Baca Juga: Mengenang Sosok Kang Mus: Ini Perjalanan Karir dan Penyebab Meninggalnya Epy Kusnandar
Aksi Cepat: Rp10 Miliar Terkumpul dalam 24 Jam
Ferry Irwandi, pendiri Malaka Project, membuka penggalangan dana melalui platform Kitabisa.com pada Senin, 1 Desember 2025. Hanya dalam 24 jam, hingga Selasa, 2 Desember 2025, dana yang terkumpul melampaui target, mencapai lebih dari Rp10 miliar.
Ferry mengonfirmasi pencapaian ini dan menyatakan kesiapan untuk segera menyalurkan bantuan. Dalam pernyataannya di media sosial, ia menulis:
"Penggalangan dana Bantuan untuk saudara-saudara kita di Pulau Sumatra untuk saat ini sudah kita selesaikan. Selama 24 jam kita berhasil mengumpulkan 10,3 miliar rupiah donasi untuk korban bencana di pulau Sumatra. Selanjutnya kita akan langsung melakukan penyaluran bantuan untuk seluruh daerah terdampak terutama untuk daerah-daerah yang terpencil dan terisolasi."
Ia juga mengucapkan terima kasih kepada semua pihak yang terlibat.
"Terima kasih untuk 87 ribu orang yang memberikan donasi yang gak bisa gue sebutin satu per satu dan seluruh pihak yang teribat dalam penyelanggaraan crowdfunding ini, semua bentuk bantuan sangat berarti, sekali lagi terima kasih."
Ferry menambahkan bahwa penggalangan dana ini merupakan yang terbesar di Kitabisa.com untuk bencana nasional dan janji untuk terus memberikan update.
"Informasi dari tim @kitabisacom , penggalangan dana ini tercatat sebagai penggalangan dana terbesar yang pernah ada di @kitabisacom untuk bencana nasional dan ini dapat terjadi karena kepedulian dan sumbangsih kawan-kawan. Perkembangan selanjutnya akan selalu diupdate secara berkala."
Kontroversi 'Yapping' dan Pembelaan Tak Terduga
Pencapaian ini tidak lepas dari kontroversi sebelumnya. Ferry sempat dikritik oleh TikToker Silvia Tjan yang menyebutnya 'yapping', istilah slang untuk berbicara berlebihan atau cerewet tentang hal yang dianggap tidak penting.
Kritik itu muncul setelah Ferry mempertanyakan alasan banjir di Sumatera belum ditetapkan sebagai bencana nasional.
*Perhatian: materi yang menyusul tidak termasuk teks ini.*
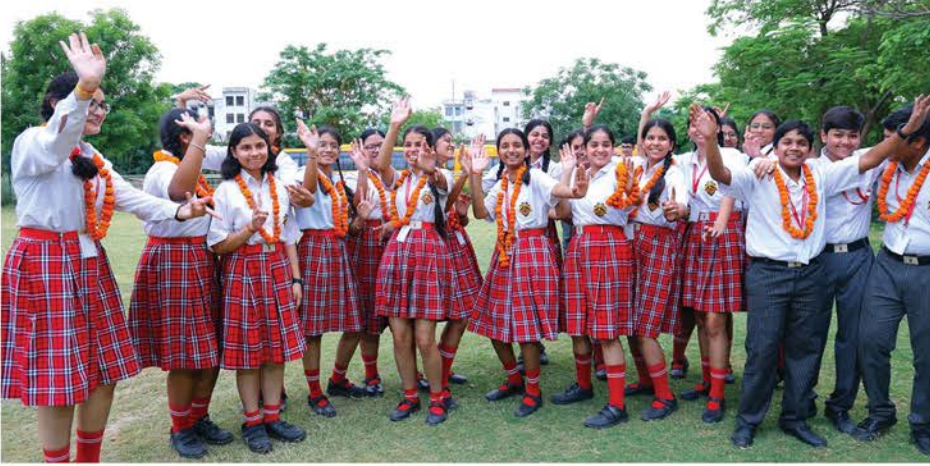
सीबीएसई इंटरमीडिएट का रिजल्ट देख कर खुशियां मनाती राजीव इंटरनेशनल स्कूल के छात्र-छात्राएं।
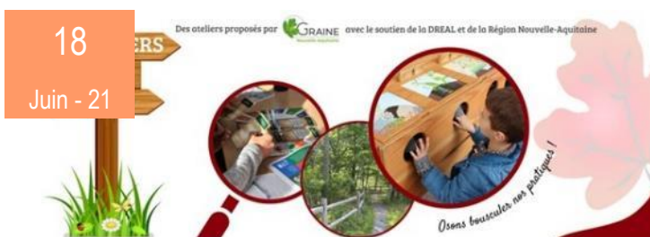
Continuons à bousculer nos pratiques et à échanger. FNE NA participe à l'atelier Visio EEDD proposé par le GRAINE NA "Loire Grandeur Nature »"
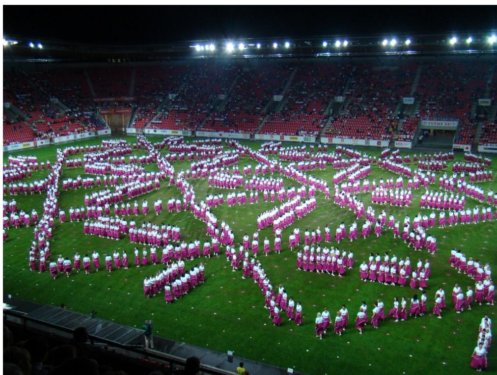
Fotografie č. 18, XV. všesokolský slet 1. 7. 2012
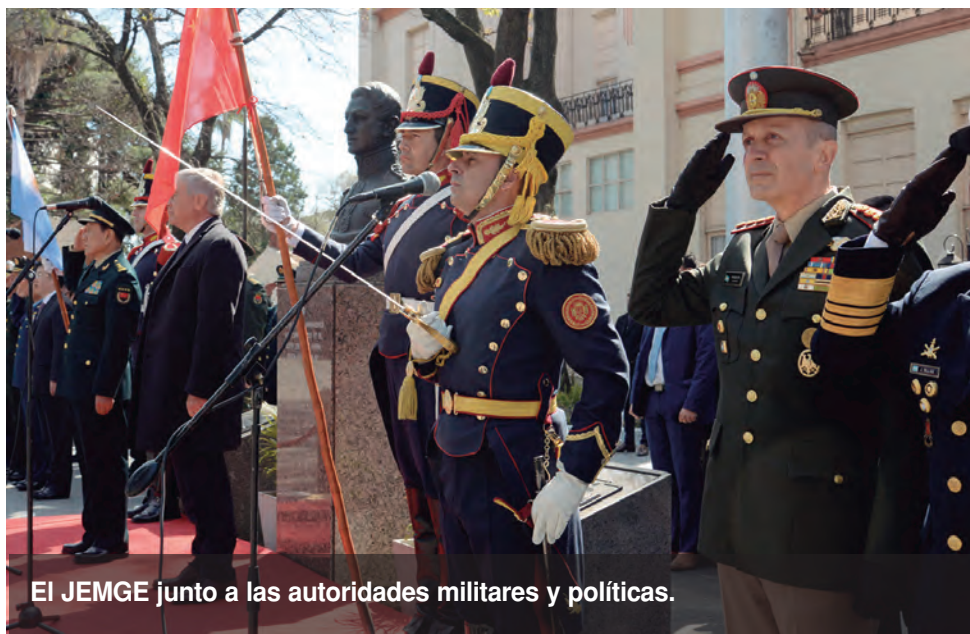
El JEMGE junto a las autoridades militares y políticas.
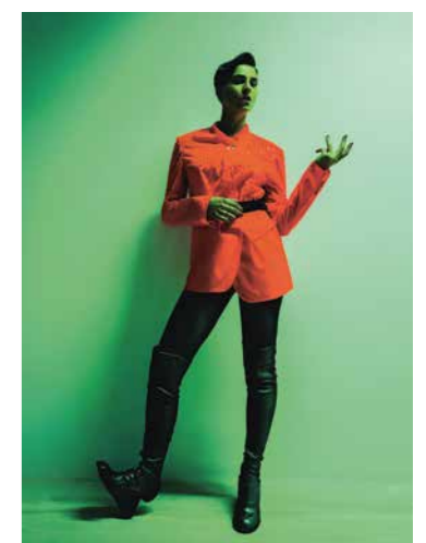
Salome : Die Salome unserer Zeit – Asmik Grigorian zurück in Hamburg
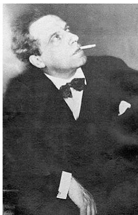
Всеволод Мейерхольд (1874—1940)
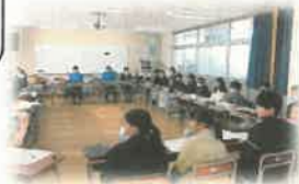
「立石の未来を語る」 小中合同リーダー研修会

『くろつちカリキュラム』とは… 立石の地域のよさや特色を生かした小中学校の教育内容を、子どもの心身の発達に応じて編成する、小中9年間を一貫させた教育計画のことです。 ○義務教育9年間を前期（小1～小4）・中期（小5～中1）・後期（中2～中3）の3区分の節目を設け学校の教育計画を工夫します。 ○「教科カリキュラム」「生活科・総合的な学習の時間のカリキュラム」「人権カリキュラム」の3つの柱で構成し、バランス良く知・徳・体を育成します。 ○地域と協働して、生活科・総合的な学習の時間の充実を図ります。具体的には、油屋やくろつち会館見学、郷土料理や伝統工芸体験などのゲストティーチャーとしてサポートしてもらいます。
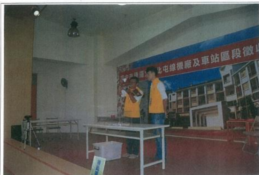
圖 1. 抵價地抽籤暨配地作業流程解說
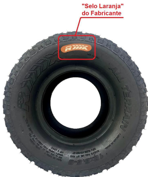
Imagem 1 – vista do pneu traseiro de uso obrigatório

8.2.1.2 - Cada piloto ou dupla de pilotos deverá apresentar aos comissários “no mínimo 3 e no máximo 4 pneus traseiros novos e sem uso” , em conformidade com o Regulamento Técnico da Categoria, para serem lacrados e sorteados entre os participantes. Será permitida somente a utilização dos pneus descritos no artigo 11.4 do Regulamento Técnico da Categoria, e que devem possuir obrigatoriamente o “selo laranja” do fabricante conforme Imagem 1, abaixo.
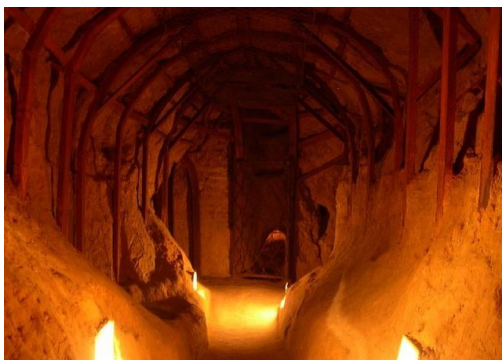
Антонієві печери – XI ст.

В Чернігові розташоване одне з чудес України - стародавні Антонієві печери, які почав створювати ще в XI сторіччі преподобний Антоній Печерський – засновник Києво-Печерської лаври. Під землею розташовані навіть чотири храми, один з яких висотою майже 9 метрів, а в галереях печер, як кажуть, можна зустріти привид монаха!
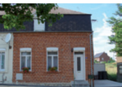
Une façade rénovée
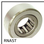
RNAS Rotelle, Senza anello interno
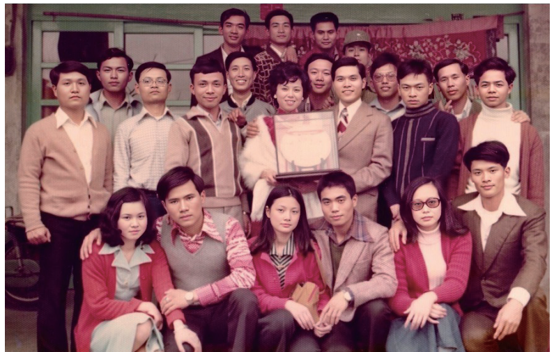
44期裝甲兵同學中率先結婚，獲冠軍獎牌

我畢業被派到戰車712營第3連任排長，任務繁忙，要想將職務做得好，唯有與心中唯一愛
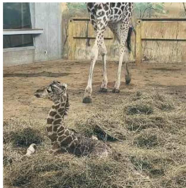
Za 3-4 tygodnie maluch sam będzie próbował coś podjadać, ale do 9-12 miesięcy życia podstawowym pokarmem będzie dla niego mleko matki.

Dumny tata Mugambi obserwuje malucha z boku, w którym został oddzielony. Jest bardzo zainteresowany sytuacją i już wkrótce dołączy do rodziny. – Za 3-4 tygodnie maluch sam będzie próbował coś podjadać, ale do 9-12 miesięcy życia podstawowym pokarmem będzie
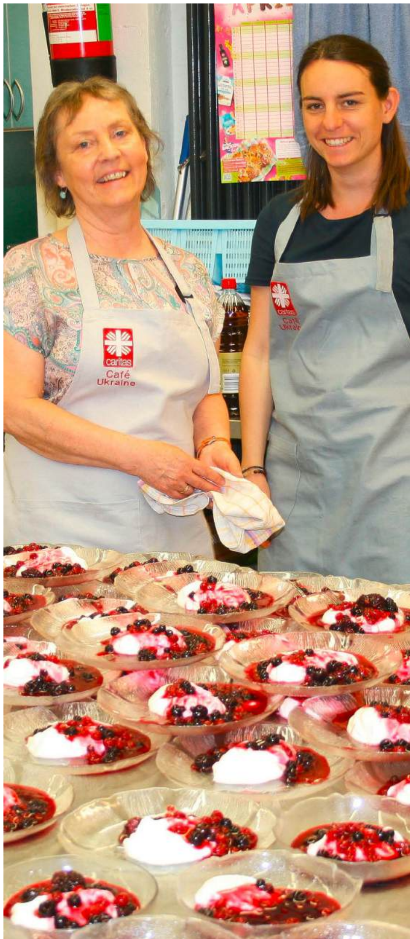
Zu einem guten Mittagessen gehört auch eine leckere Nachspeise – Caritas sei Dank!

Kontoinhaber: Caritasverband Konstanz e.V. IBAN: DE29 6905 0001 0000 0688 66 BIC: SOLADES1KNZ Stichwort: Mittagstisch
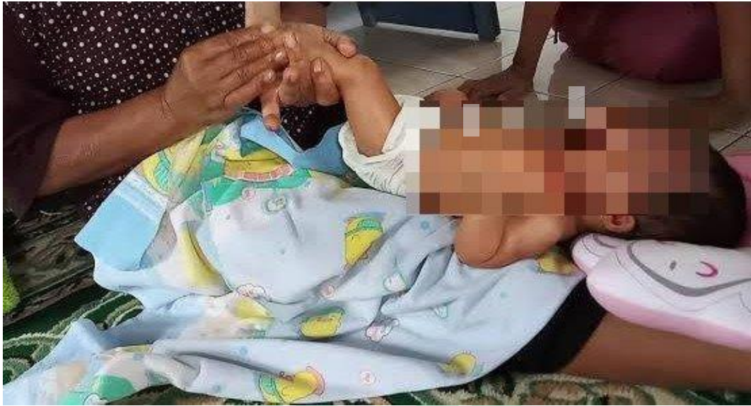
Gambar 1.3 pemijatan bayi
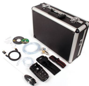
Deluxe készlet zárt terekben való beszálláshoz MC-CK-DL A műszert és a kalibráló gázt nem tartalmazza
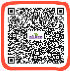
風濕性關節炎資訊 Rheumatoid Arthritis Information

Silvia Tjan menanggapi,
"Ini buat yang masih yapping kenapa bencana di Sumatera belum ditetapkan sebagai bencana nasional."
Ia beralasan status bencana nasional belum diberikan karena pemerintah daerah dinilai masih mampu menangani.
"Yang penting teriak dulu biar kelihatan empati, tapi malah bikin kacau dan gak membantu sama sekali."
Kritik tersebut tak berlangsung lama. Yudo Achilles Sadewa, anak Menteri Keuangan Purbaya Yudhi Sadewa, membela Ferry dengan menunjukkan bukti nyata aksinya. Ia mengunggah tangkapan layar dari Kitabisa.com yang menunjukkan dana terkumpul lebih dari Rp10 miliar.
"Kemarin di aplikasi sarang monyet ada yang bilang cuma yapping, tapi udah donasi 10 M lebih," tulis Yudo.
Fokus pada Penyaluran yang Tepat Sasaran

Dengan dana yang telah terkumpul, fokus kini beralih ke proses penyaluran yang efektif dan transparan. Ferry Irwandi menegaskan komitmennya untuk mendistribusikan bantuan, khususnya ke daerah-daerah terpencil dan terisolasi yang terdampak bencana.
Kisah ini menjadi catatan tentang bagaimana gerakan sosial di era digital bisa menghasilkan dampak nyata dalam waktu singkat, sekaligus menyoroti interaksi kompleks antara aksi, kritik, dan pembelaan di ruang publik. Masyarakat kini menanti realisasi penyaluran bantuan yang dijanjikan.